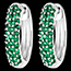 Découvrez une paire de créoles en or blanc 18 carats délicatement serties de 62 émeraudes réparties sur trois rangs pavés. Ce bijou allie un design classique et intemporel à une touche de couleur vive, idéale pour sublimer toutes vos tenues. La finesse du pavage et la qualité Very Good des pierres assurent un éclat subtil et élégant.… Voir plus Infos techniques
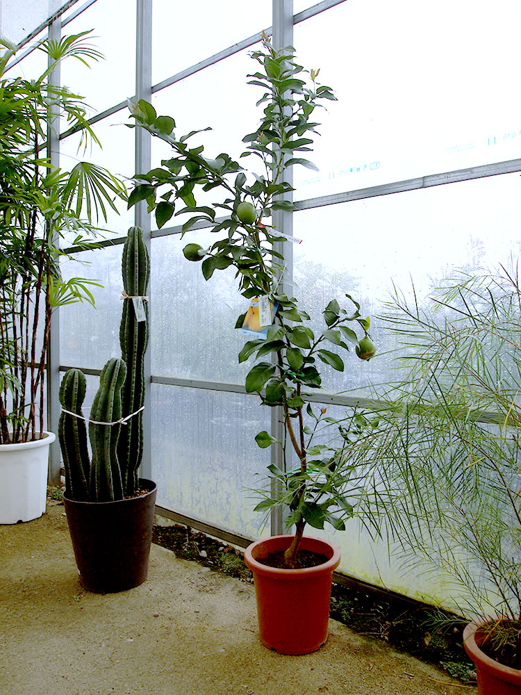 室内の日が燦燦と当たる場所に置いてみたい、レモンの苗木や1mほどの高さのボリュームのあるウチワサボテンが存在感があってよいですね。
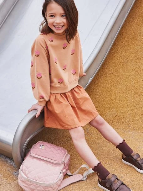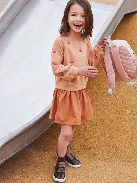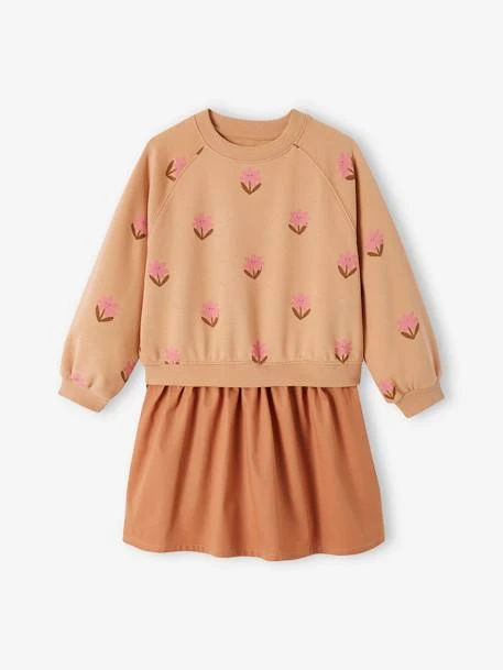 Robe bi-matière fille : haut en molleton 80% coton, 20% polyester.
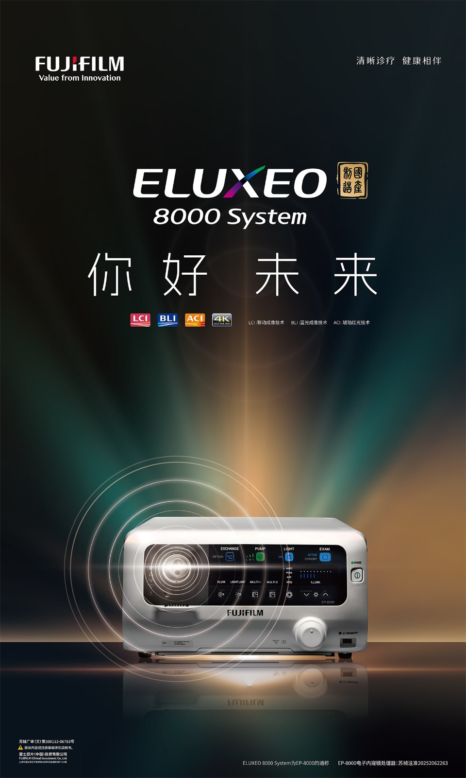 富士胶片内镜产品始终关注与贯彻世界卫生组织"早发现、早诊断、早治疗"的癌症防治策略,致力于为消化道早期癌症的诊疗提供助力。本次推出的内窥镜系统——ELUXEO 8000,是"ELUXEO"系列的新一代旗舰一体机,标志着富士胶片在内镜诊疗领域的最新突破。该系统可与去年底发布的富士胶片电子上消化道内窥镜EG-840T和EG-840TP配合使用,为消化道疾病治疗提供新的整体解决方案。

Instructions for the task
Write out exactly the lines running from the one with "室内の日が燦燦と当たる場所に" through the end of the material, both ends included, while leaving the pictures out.

Answer area
 室内の日が燦燦と当たる場所に置いてみたい、レモンの苗木や1mほどの高さのボリュームのあるウチワサボテンが存在感があってよいですね。
 Robe bi-matière fille : haut en molleton 80% coton, 20% polyester.
 富士胶片内镜产品始终关注与贯彻世界卫生组织"早发现、早诊断、早治疗"的癌症防治策略,致力于为消化道早期癌症的诊疗提供助力。本次推出的内窥镜系统——ELUXEO 8000,是"ELUXEO"系列的新一代旗舰一体机,标志着富士胶片在内镜诊疗领域的最新突破。该系统可与去年底发布的富士胶片电子上消化道内窥镜EG-840T和EG-840TP配合使用,为消化道疾病治疗提供新的整体解决方案。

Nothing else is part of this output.